The platform has many advantages, thanks to which it has gained high popularity among a wide audience and confidently remains in the top three among cloud service providers.

Google Cloud Platform (GCP) | Google Cloud Marketplace


Advantages that have ensured its success:

  • Rich functionality. The system offers a host of services and ready-to-deploy solutions from a number of categories. For example, Google Cloud Marketplace gives users the ability to connect, deploy, and manage GCP-integrated third-party applications.
  • Access to innovation. The company quickly implements innovative tools and technologies: artificial intelligence and machine learning algorithms, large language models, and more.
  • Detailed documentation. A solid knowledge base is one of Google Cloud's greatest strengths. Each section contains a theoretical and practical part. This way, users can get the most complete information about the selected function or service.
  • Economical. The price-to-functionality ratio of GCP products is considered one of the best on the market. Users pay only for the services they need using the pay-as-you-go model. Their final cost is determined by the power, load, and amount of data they require.

However, Google Cloud services are not without certain disadvantages. The cons include:

  • Difficulty of implementation. Deploying digital infrastructure in a GCP cloud computing environment requires highly qualified specialists and considerable experience.
  • Lagging behind competitors. GCP appeared on the market later than its main competitors (AWS and Azure) and to this day lags a little behind them. For example, it offers only more than 100 services, while AWS and Azure already have over 200.
  • Internet addiction. The performance of most platform resources directly depends on the quality of the internet connection. Their stable operation is difficult to achieve in regions with unreliable network access.
  • Binding to the supplier. Some Google Cloud users may have difficulty integrating systems and solutions. In addition, there are sometimes problems with the migration of third-party applications and other digital resources.

Areas of Application

The global infrastructure of the platform covers not only GCP services but also other products of the corporation, including Google Search, Gmail, and many others. The functionality and integration of system elements with each other and with external software make them in demand among millions of individual users and companies around the world.

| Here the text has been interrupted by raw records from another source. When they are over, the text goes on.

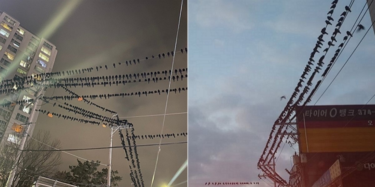 28일 여러 커뮤니티와 SNS에는 까마귀 수백 마리가 아파트 인근 전선과 전봇대를 점령한 사진 한 장이 확산하고 있다.
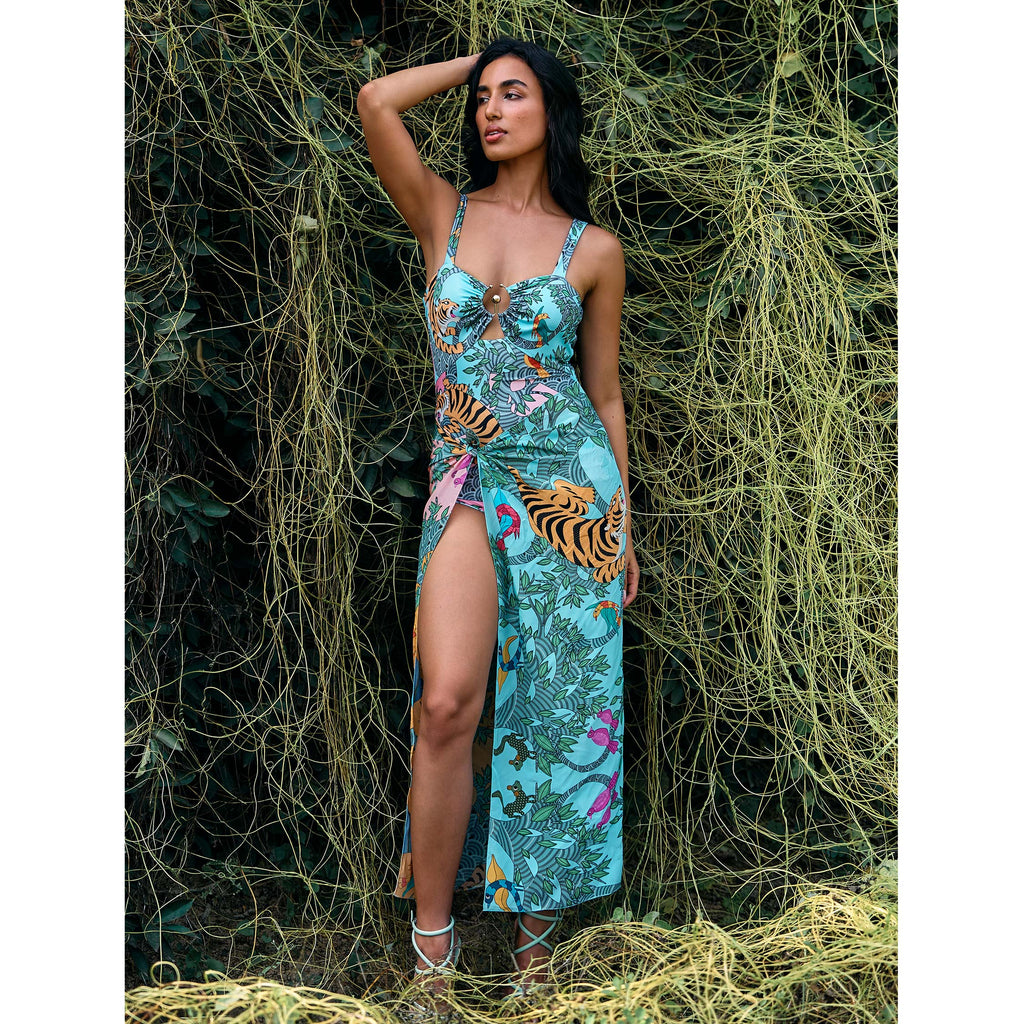 Add a touch of artistic elegance to your beachwear with our engineered print scarf, featuring artwork inspired by the vibrant motifs of Gond art. This versatile scarf is perfect as a cover-up, adding a layer of sophistication to your monokinis or bikini sets. Crafted from soft, lightweight fabric, it drapes beautifully and enhances your beach or poolside look with its striking, detailed artwork. The rich, cultural design brings a bold yet elegant statement, making it an ideal accessory for effortless styling.
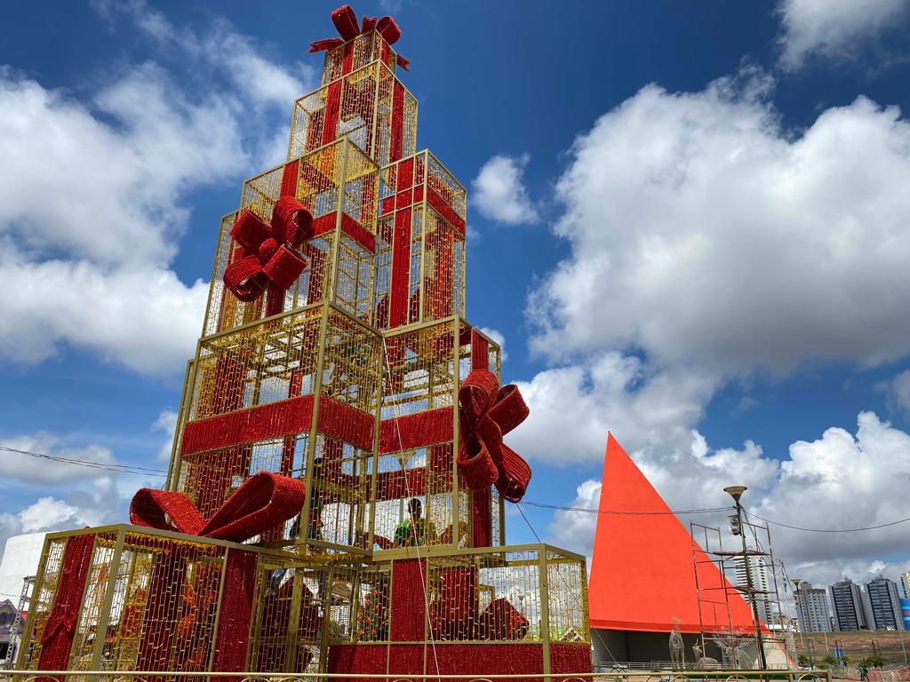 Prefeitura prepara a tradicional árvore de Natal do Parque Vaca Brava, em Goiânia
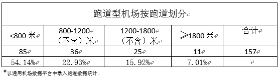 表2 全国颁证跑道型通用机场按照跑道划分统计表
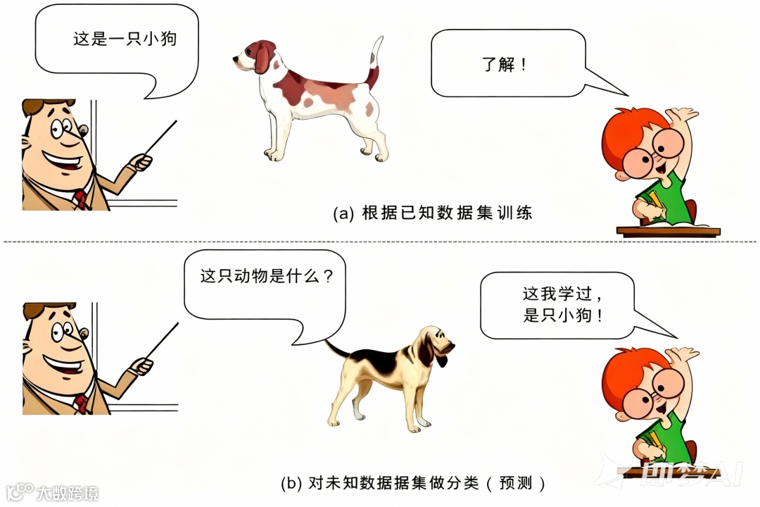 监督学习(Supervised Learning):简单理解为“跟老师学”,即在有老师的环境下,学生从老师那里获得做对或做错的反馈。其学习结果为函数,以概率函数、代数函数或人工神经网络为函数模型。
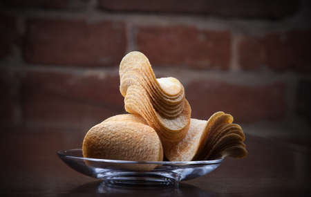 Delicious potato chips on dark background, on wooden background, Junk food, fast snack, crisps
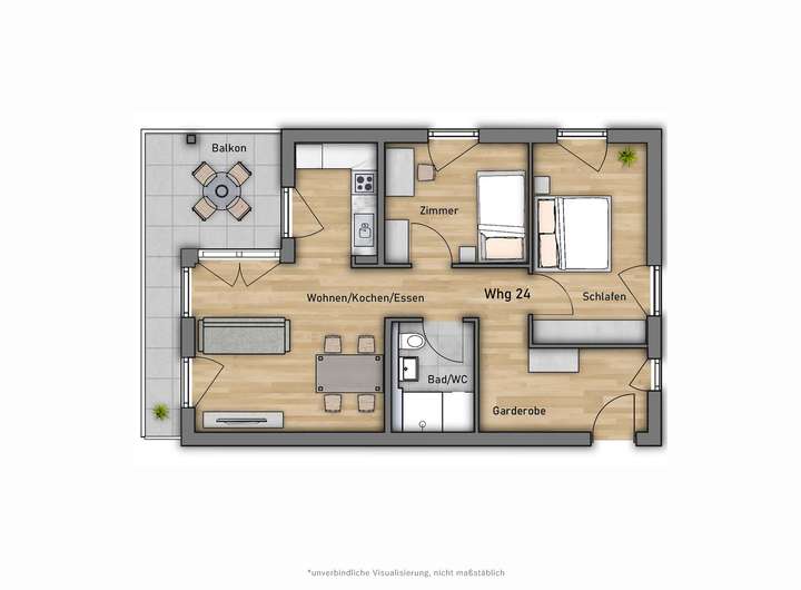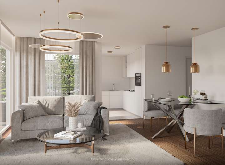 Ihre persönliche Wohnung zeichnet sich durch einen offen gestalteten Wohn- und Essbereich aus. Sie wird durch die bodentiefen Fenster und die angrenzende Terrasse oder Balkon nach außen erweitert. So entsteht ein angenehmes Raumgefühl.
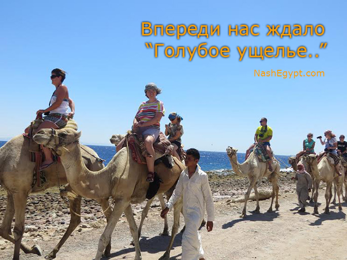 Началась о получасового опоздания..Первые туристы забыли взять паспорт, а гид забыл спросить о них, а они необходимы ,бо часто встречаются КПП на которых могут остановить. Так что паспорта на экскурсии в первую очередь берем. И поехали мы на белом джипе в район Нувейбы смотреть белый каньон. Сначала по шоссе отличного качества, а потом по песчаным барханам попрыгали. Чтоб уменьшить последствия тряски –ногами вжались в пол, а руками в верхние поручни, сливаясь с машиной в одно целое, доехали до каньона под заводную музыку из магнитолы джипа…дальше нас ждало увлекательное путешествие по каньону, мы перескакивали с камня на камень, протискивались в узкие лазы, мужчины проявляли свои рыцарские качества, помогая дамам преодолеть особо сложные препятствия. Похудевшая на 7 кг по диете Дюкана Юля прыгала как коза по камням с завидной легкостью. Я же в силу своей нетренированности и офисного образа жизни ясно осознала, что ловкость моя уже не та и самые сложные, на мой взгляд, преграды старалась преодолевать на пятой точке) Но мы все справились и, попив ароматного чая у бедуинов, отбыли в голубую лагуну в Дахабе, где нас ждали покатушки на верблюдах, плавание у рифов и обед. Верблюды чистенькие, ухоженные, симпатичные, даже почесала своего между ушами, но так и не поняла, понравилось ему или нет.

Google Cloud Platform (GCP) | Google Cloud Security tools


Main Google Cloud case studies:

  • Retail. In this area, service resources are used to ensure the functionality of online stores, automated collection and processing of customer data, personalization of marketing campaigns, and so on.
  • IT industry. GCP tools help optimize the costs of hardware and software needed to develop, test, deploy, and scale applications.
  • Web hosting. The platform offers a range of web application hosting services. These include containers, virtual machines (VMs), load balancers, and more.
  • Finance. Google Cloud products are actively used by financial companies from different areas: banking sector, blockchain projects, insurance, and others.
  • Production. Google cloud services are in great demand among businesses in a range of industries, from pharmaceuticals to aerospace. With their help, they optimize supply chains, control and improve product quality, manage robotics and the Internet of Things, and forecast demand.
  • Public administration. Government agencies and administrative bodies use GCP resources to digitize services to citizens, improve the quality of infrastructure, and protect information. One example is Google Cloud Security tools.
  • Media and entertainment industry. The platform provides the necessary functionality for creating, storing, and distributing content, interacting with audiences, and protecting copyrights.
  • Healthcare. Using Google Cloud, medical institutions can store and analyze patient data, provide assistance remotely, conduct research and development, and improve the quality of diagnostics and therapy.
  • Education. GCP resources help academic institutions flexibly manage student data, manage the learning process, and monitor progress online.

Pricing and Plans

GCP offers pay-as-you-go pricing, allowing users to pay only for the services they need. There is no upfront fee or penalty for cancellation. For each service, a detailed price list is provided with a description of the available resources, capacities, capabilities, and their prices.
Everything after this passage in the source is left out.